MOTORISTS across the region would oppose road pricing because they do not trust the Government to treat them fairly, the AA has revealed.

A poll by the motoring group showed 69% of its members in the North East would not vote in favour of any local road pricing scheme if a referendum were held.

The poll comes a month after five Tyne and Wear councils who were investigating congestion-busting methods ruled out road pricing for at least five years.

In February The Journal revealed how officers at Newcastle Council, the lead authority on the traffic scheme, had put together proposals for congestion charging zones around the North East’s biggest cities.

In the run-up to this week’s local elections officers announced they were dropping the “unsuitable” plans.

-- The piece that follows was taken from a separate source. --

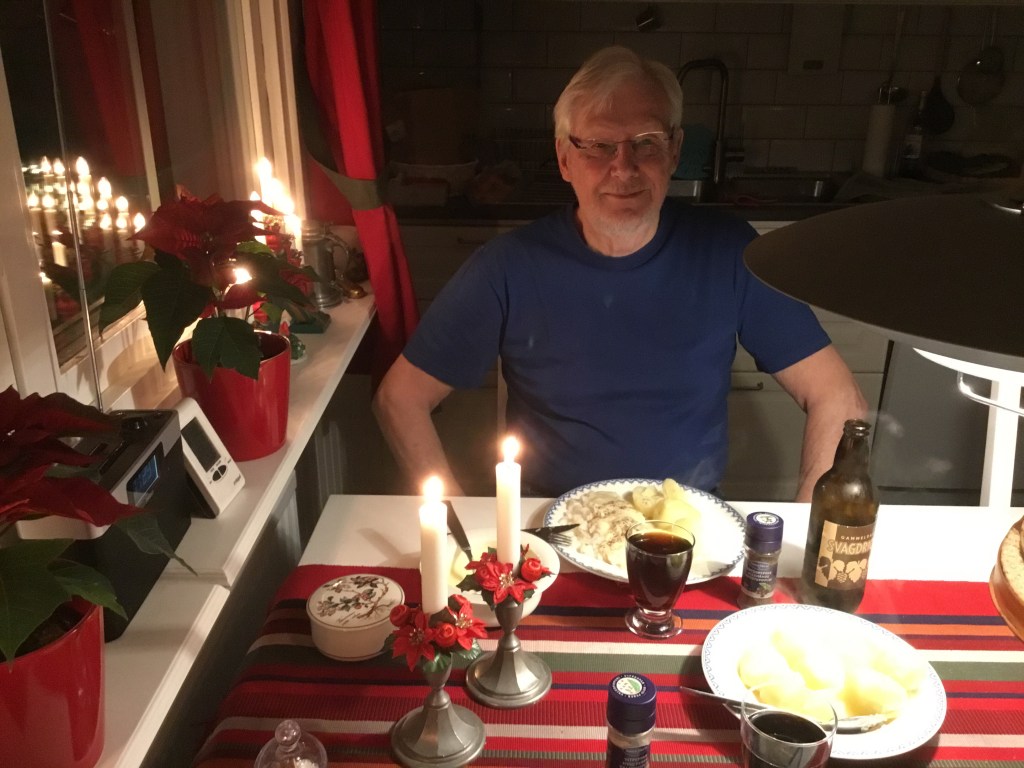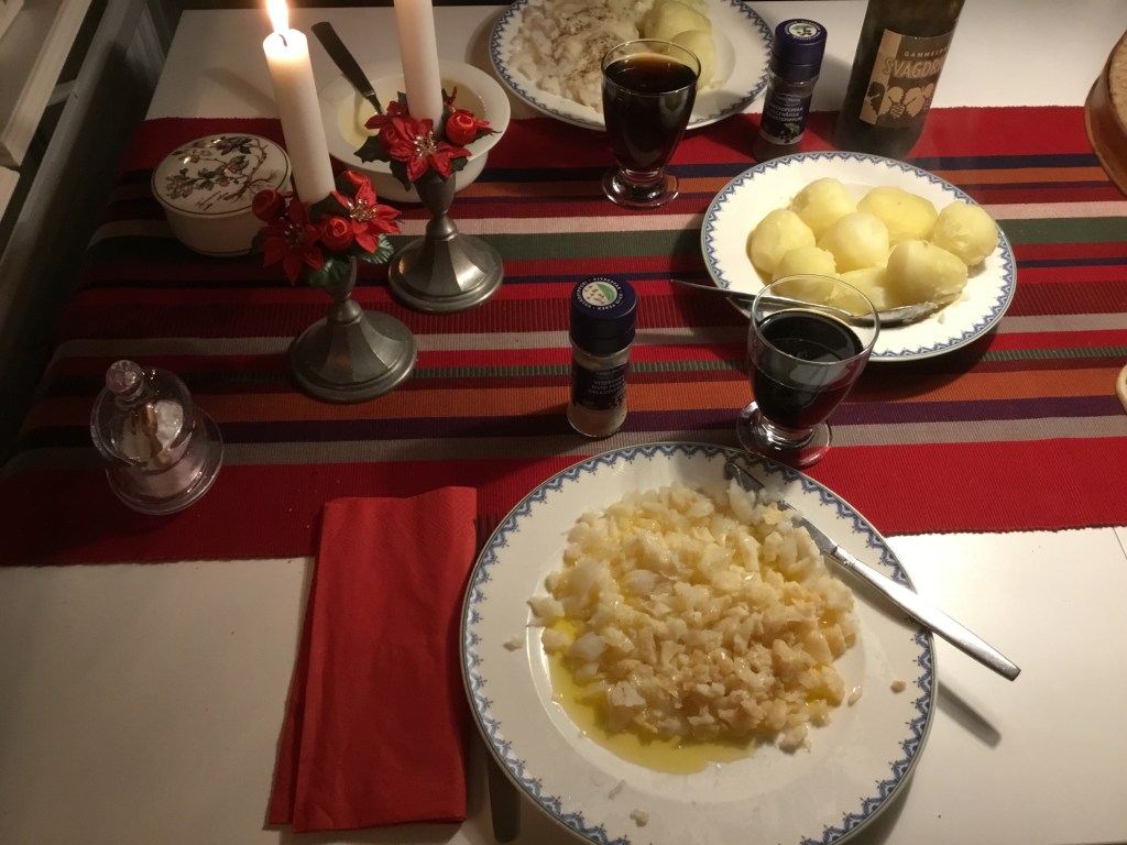 Själva firade vi den som vanligt med den traditionella lutfisken. Det är en fisk ofta Långa eller Sej men förr om åren kan jag tänka mig att det användes många andra sorters fisk för att få till just lutfisk. Den äldsta notering om denna rätt är från år 1464 och det var biskop Brask som åt den tillsammans med mandel, russin och ärtor. Fisken spänns upp och hängs på linor för torkning för att lätt kunna förvaras. När de ska användas lägger man den i blöt. Jag fick lära mig att det skulle ske på annandagen, detta kalla vatten skulle bytas en gång om dagen i sex dagar. Jag minns att jag hjälpte min mormor att göra detta i källarn och fy vad man frös om fingrarna. Efter dessa dagar skall det tillsättas lut och sedan ytterligare sex dagar då det ska bytas vatten. En omständlig procedur med andra ord.

Yesterday the AA said that many of its members recognised the benefits of introducing some charges but did not trust the Government to keep its word about offering reductions in fuel duty or road tax if road pricing was introduced.

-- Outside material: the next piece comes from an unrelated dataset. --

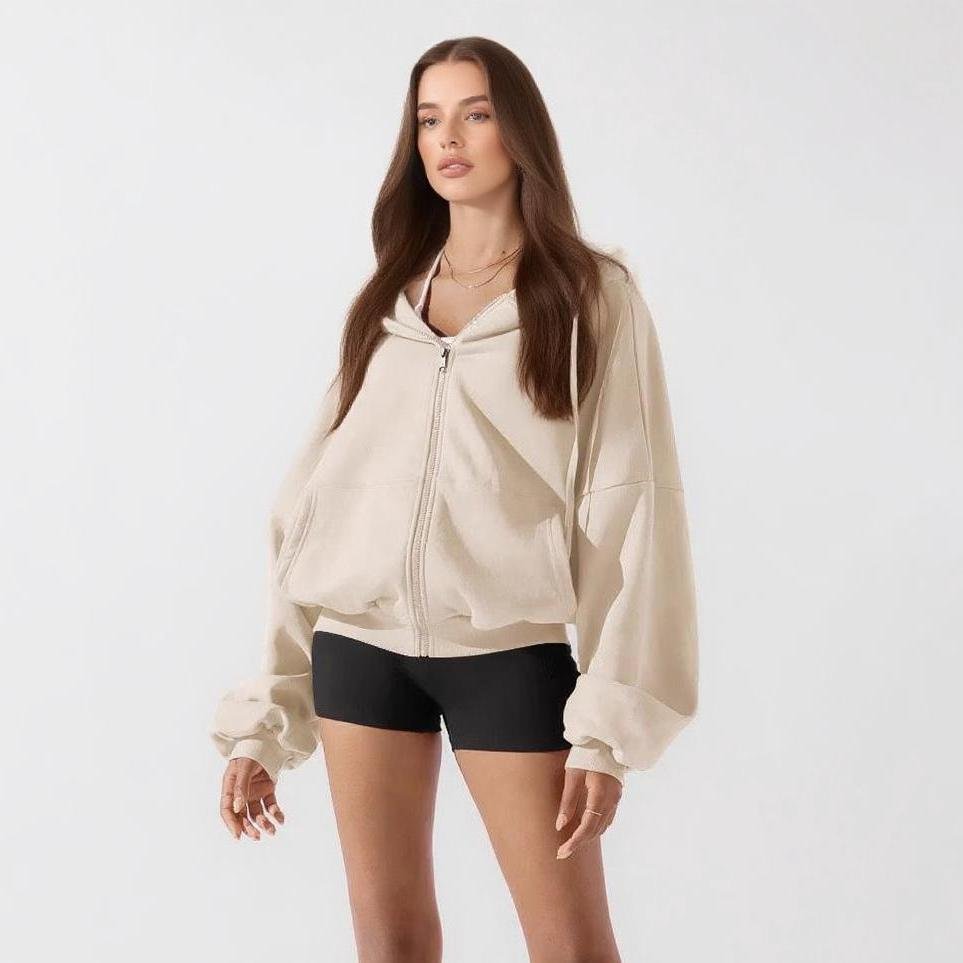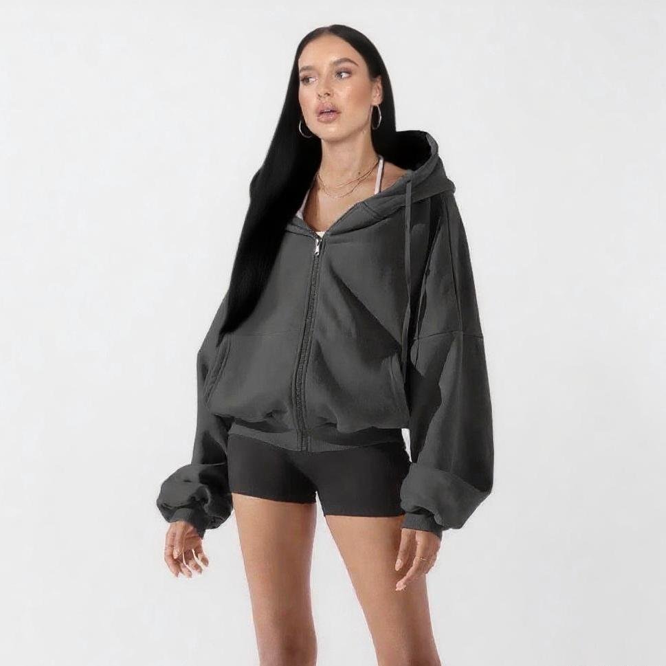 Women’s Hooded Sweatshirt: A 50cm-long, solid-color cardigan perfect for autumn/winter. Trendy yet casual, ideal for sports, outings, and everyday versatile comfort.

Newcastle City Council leader John Shipley last night told The Journal that as far as he was concerned, road pricing was a “dead issue”.

“What the Government has to do is to make it clear exactly what public transport investment we would get as a result of a national scheme, and they have not even come close to that yet.

“And on top of that they need to say how road pricing would help with our transport needs, such as the issues on the Western bypass and the need to dual the A1.”

Edmund King, AA president said he could see why motorists did not trust the Government.

“Road pricing is unnecessary on most roads, unpopular and difficult to implement socially, politically, financially and practically.”

A DfT spokesman said: “We recognise that people have very real concerns about a national road pricing scheme – about personal privacy, about how fair a scheme might be, and what it might mean for them as individuals.

“As Ruth Kelly has said, our focus must be on what we can do to tackle congestion now. That’s why we’re exploring the idea of opening more hard shoulders to traffic – and possibly charging for the new capacity this creates – as well as working with towns and cities to help them develop local road pricing schemes.”